A Detailed Look Inside the Intel® NetBurst Micro-Architecture of the Intel Pentium® 4 Processor
Page 12
Prefetching
The Intel NetBurst micro-architecture supports three prefetching mechanisms:
§ the first is for instructions only
§ the second is for data only
§ the third is for code or data.
The first mechanism is hardware instruction fetcher that automatically prefetches instructions. The second is a
software-controlled mechanism that fetches data into the caches using the prefetch instructions. The third is a
hardware mechanism that automatically fetches data and instruction into the unified second-level cache.
The hardware instruction fetcher reads instructions along the path predicted by the BTB into the instruction
streaming buffers. Data is read in 32-byte chunks starting at the target address. The second and third mechanisms is
described in Data Prefetch.
Decoder
The front end of the Intel NetBurst micro-architecture has a single decoder that can decode instructions at the
maximum rate of one instruction per clock. Complex instruction must enlist the help of the microcode ROM. The
decoder operation is connected to the execution trace cache discussed in the section that follows.
Execution Trace Cache
The execution trace cache (TC) is the primary instruction cache in the Intel NetBurst micro-architecture. The TC
stores decoded IA-32 instructions, or µops. This removes decoding costs on frequently-executed code, such as
template restrictions and the extra latency to decode instructions upon a branch misprediction.
In the Pentium 4 processor implementation, the TC can hold up to 12K µops and can deliver up to three µops per
cycle. The TC does not hold all of the µops that need to be executed in the execution core. In some situations, the
execution core may need to execute a microcode flow, instead of the µop traces that are stored in the trace cache.
The Pentium 4 processor is optimized so that most frequently-executed IA-32 instructions come from the trace
cache, efficiently and continuously, while only a few instructions involve the microcode ROM.
Branch Prediction
Branch prediction is very important to the performance of a deeply pipelined processor. Branch prediction enables
the processor to begin executing instructions long before the branch outcome is certain. Branch delay is the penalty
that is incurred in the absence of a correct prediction. For Pentium 4 processor, the branch delay for a correctly
predicted instruction can be as few as zero clock cycles. The branch delay for a mispredicted branch can be many
cycles; typically this is equivalent to the depth of the pipeline.
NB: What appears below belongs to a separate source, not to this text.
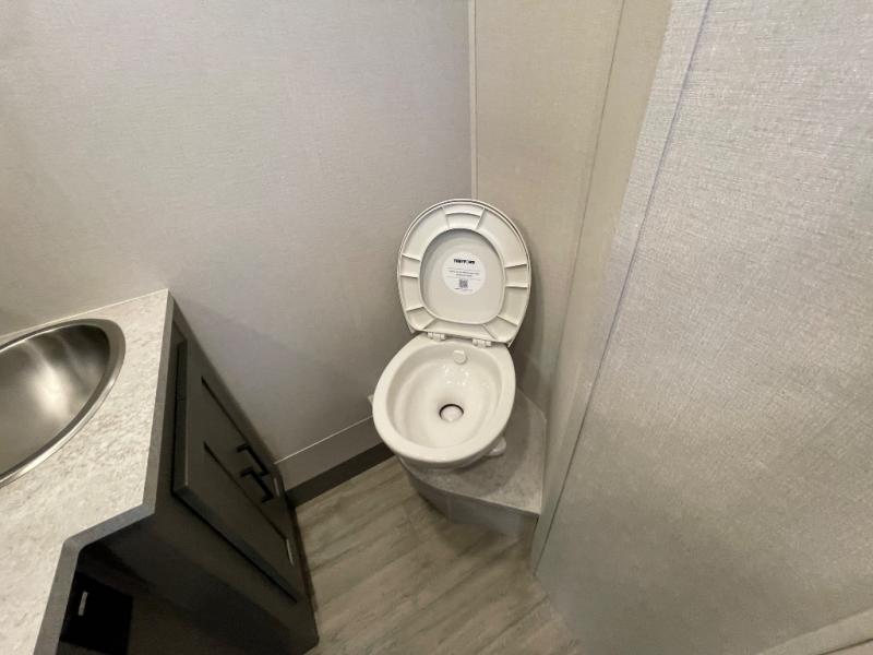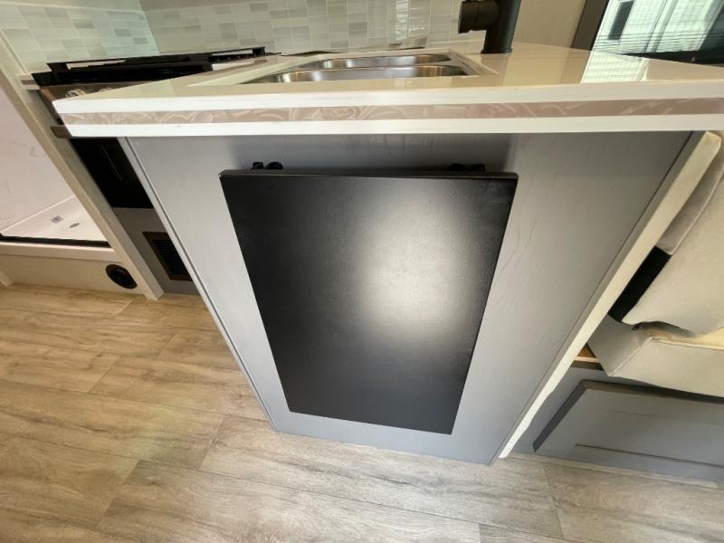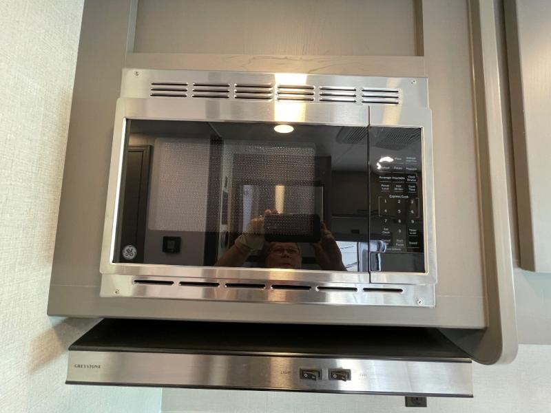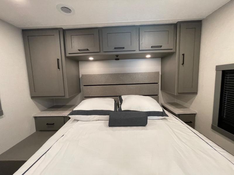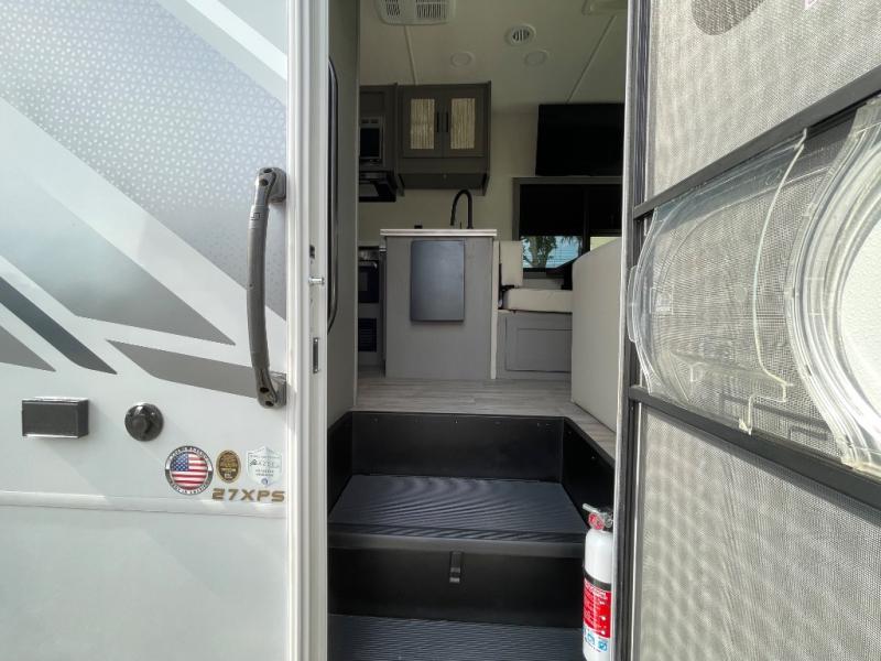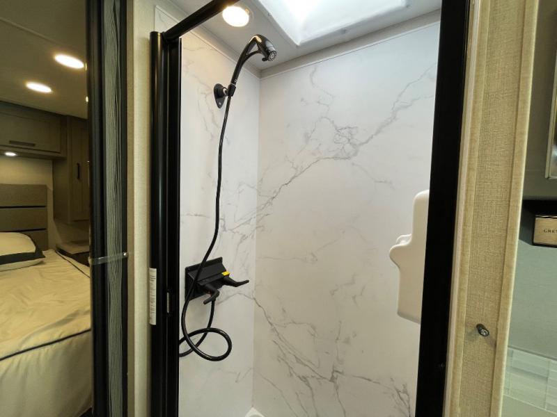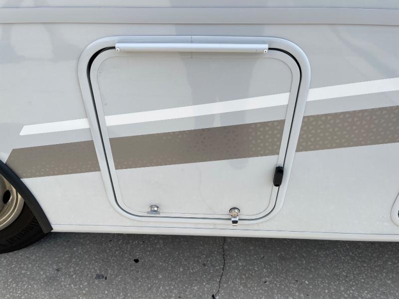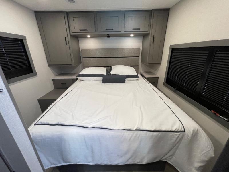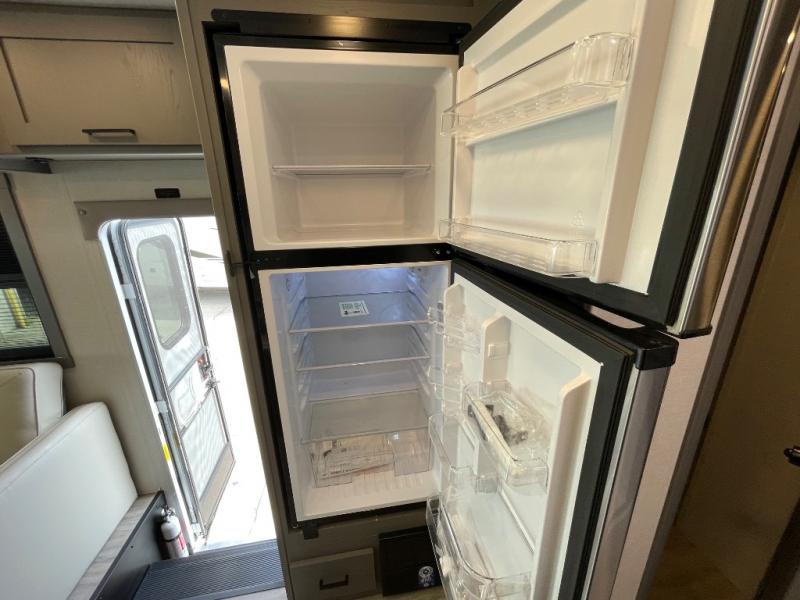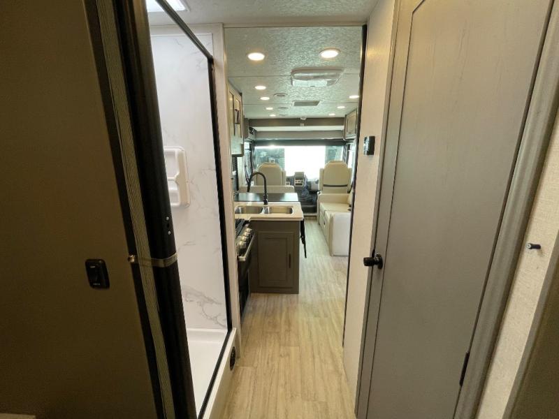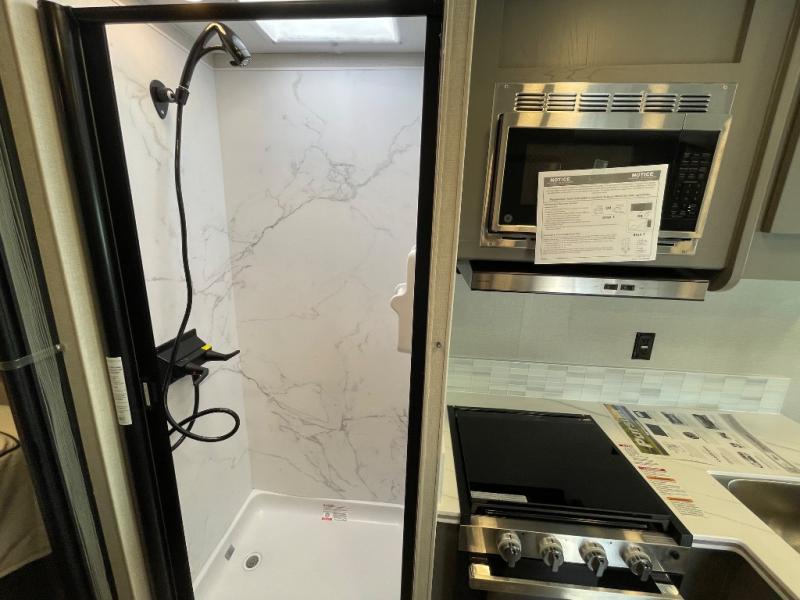 Live your best life on the road with this motorhome! The rear private bedroom has a 60" x 74" queen bed to lay your head on at night with wardrobes on either side of it for your clothes. A separated bathroom makes it easy for one person to freshen up in the 24" x 32" shower while another uses the private toilet and sink. Enjoy home cooked meals while out on the road with the stainless steel three burner cooktop, the 12V stainless steel double door 10 cu. ft. refrigerator, and even the stainless steel microwave oven. Eat your meals, play card games, and even transform the 42" x 70" booth dinette into an extra sleeping space. The 63" sofa has storage below for an extra blanket or board games. If you need to get some work done while you're away then you will appreciate the computer work station with 12V, 110V, and USB outlets in front of the passenger chair!

The branch prediction in the Intel NetBurst micro-architecture predicts all near branches, including conditional,
unconditional calls and returns, and indirect branches. It does not predict far transfers, for example, far calls, irets,
and software interrupts.
In addition, several mechanisms are implemented to aid in predicting branches more accurately and in reducing the
cost of taken branches:
§ dynamically predict the direction and target of branches based on the instructions’ linear address using the
branch target buffer (BTB)
§ if no dynamic prediction is available or if it is invalid, statically predict the outcome based on the offset of the
target: a backward branch is predicted to be taken, a forward branch is predicted to be not taken
§ return addresses are predicted using the 16-entry return address stack
§ traces of instructions are built across predicted taken branches to avoid branch penalties.